The distortion of heme porphyrin was estimated using NSD [17], which is a common method for evaluating heme conformation. As mentioned earlier, NSD represents porphyrin distortion as a linear combination of distortions along the vibrational modes of heme. We calculated the equilibrium structure and vibrational modes of the Fe–porphyrin molecule using the PBE0 hybrid functional [35] with 6-31G(d) basis sets [36,37,38] and used these to estimate heme distortion. Details of the calculation are described elsewhere [12]. Only 12 vibrational modes described by Bikiel et al. [18] were considered.

2.2. CNN Model

Here, we constructed a CNN model whose input and output are the protein environment and the distortion of heme porphyrin, respectively, according to the following process. We converted the non-uniform protein structural data into uniform dimensional data for use as input for the CNN model. Although a set of voxels is a candidate to represent the tertiary structures of protein pockets, determining the pocket area is a problem. As shown in Figure 2a, sets of voxels in a cube-shaped inclusion region centered on the heme-binding pocket were used as input for the CNN model in the present study. The location of the cube was defined as follows. First, a least-squares plane was calculated for four atoms in the Fe–porphyrin skeleton of heme, namely CHA, CHB, CHC, and CHD (the correspondence between atom positions and names is presented in Figure 1), and defined as the xy-plane. The xy-plane was rotated such that the x-axis was parallel to the vector connecting CHA and CHC projected the least-squares plane (Figure 2b).

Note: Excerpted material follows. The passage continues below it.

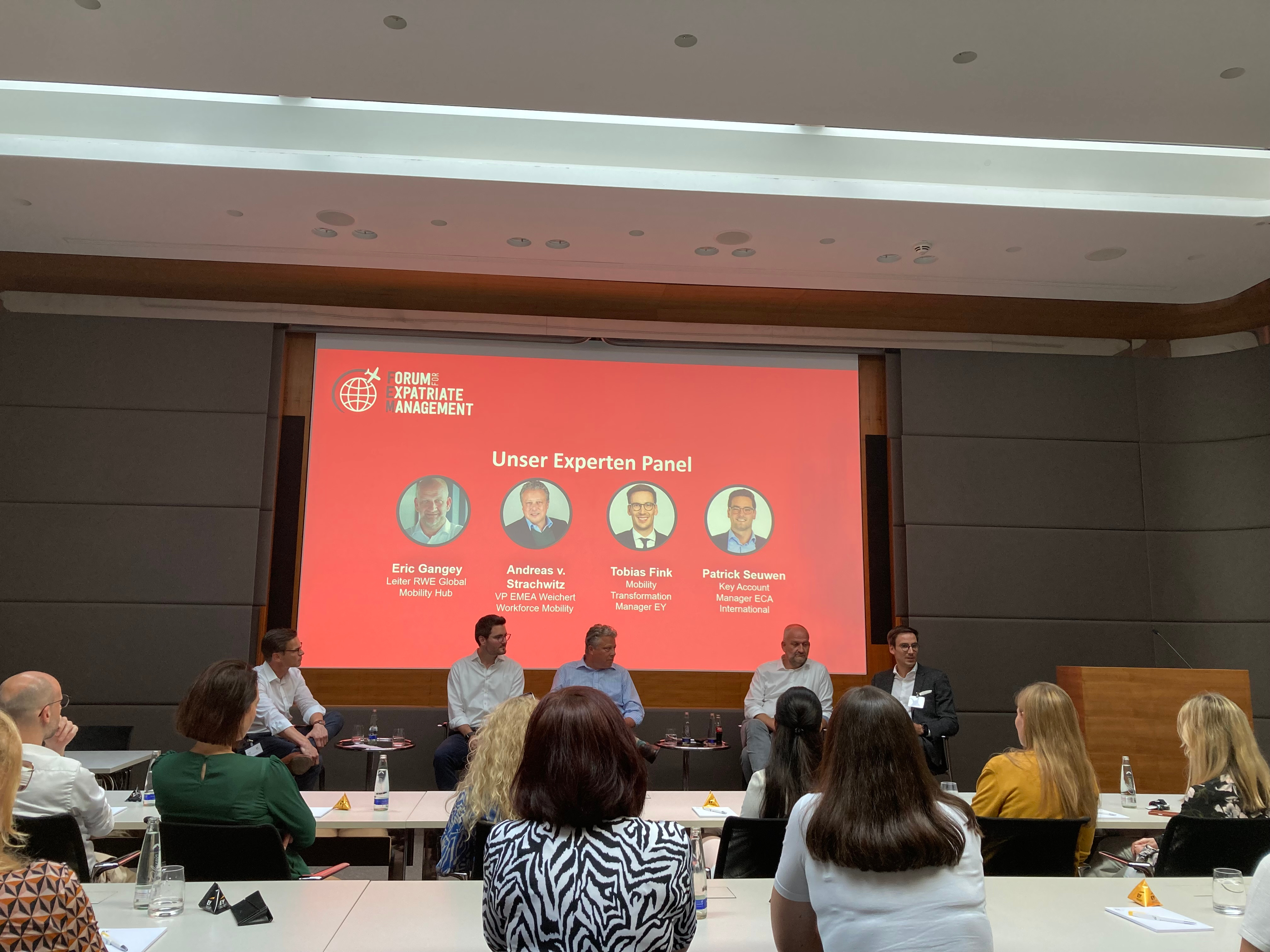 The panel discussion featured expert speakers from various reputable organizations. Eric Gangey, Head of RWE Global Mobility Hub, Andreas Strachwitz, Vice President EMEA of Weichert Workforce Mobility, Tobias Fink, Mobility Transformation Manager of EY, and Patrick Seuwen, Key Account Manager of ECA International, all shared their insights and expertise on the topic.

Then, the z-axis was determined to be perpendicular to the x- and y-axes and was right-handed. The origin was determined as the mean coordinate of the four atoms: CHA, CHB, CHC, and CHD. The cube was placed such that each edge of the cube was parallel to the x-, y-, and z-axes, and the center was at the origin (0, 0, 0). The edge length was set to 17, 20, and 24 Å to examine the effect of inclusion region size on the prediction. Next, we demonstrated voxelization of the inclusion region. Using a protein structure without heme and other molecules, we generated a cubic grid with 1 Å spacing, computed whether each area was occupied by any atom, and assigned 0 (unoccupied) or 1 (occupied) to each grid. The region occupied by each atom was defined as the region within a sphere whose radius is half the length of the Van der Waals radius of the atoms—C: 1.70 Å, N: 1.55 Å, O: 1.52 Å, and S: 1.80 Å. The voxels were calculated for each atom (C, N, O, and S), and the generated data were used as an input with four channels (right panels of Figure 2a). The output was the distortion of heme porphyrin along the 12 vibrational modes (12 dimensions) or each vibrational mode (one dimension). Loss was calculated as the mean-square error between the observed (experimentally determined) and predicted values.

All CNN models were constructed and trained by using PyTorch version 1.11.0 [39]. The model used in the present study is described in Figure 2c and

Table 1. The layers and parameters of the CNN model used in this study.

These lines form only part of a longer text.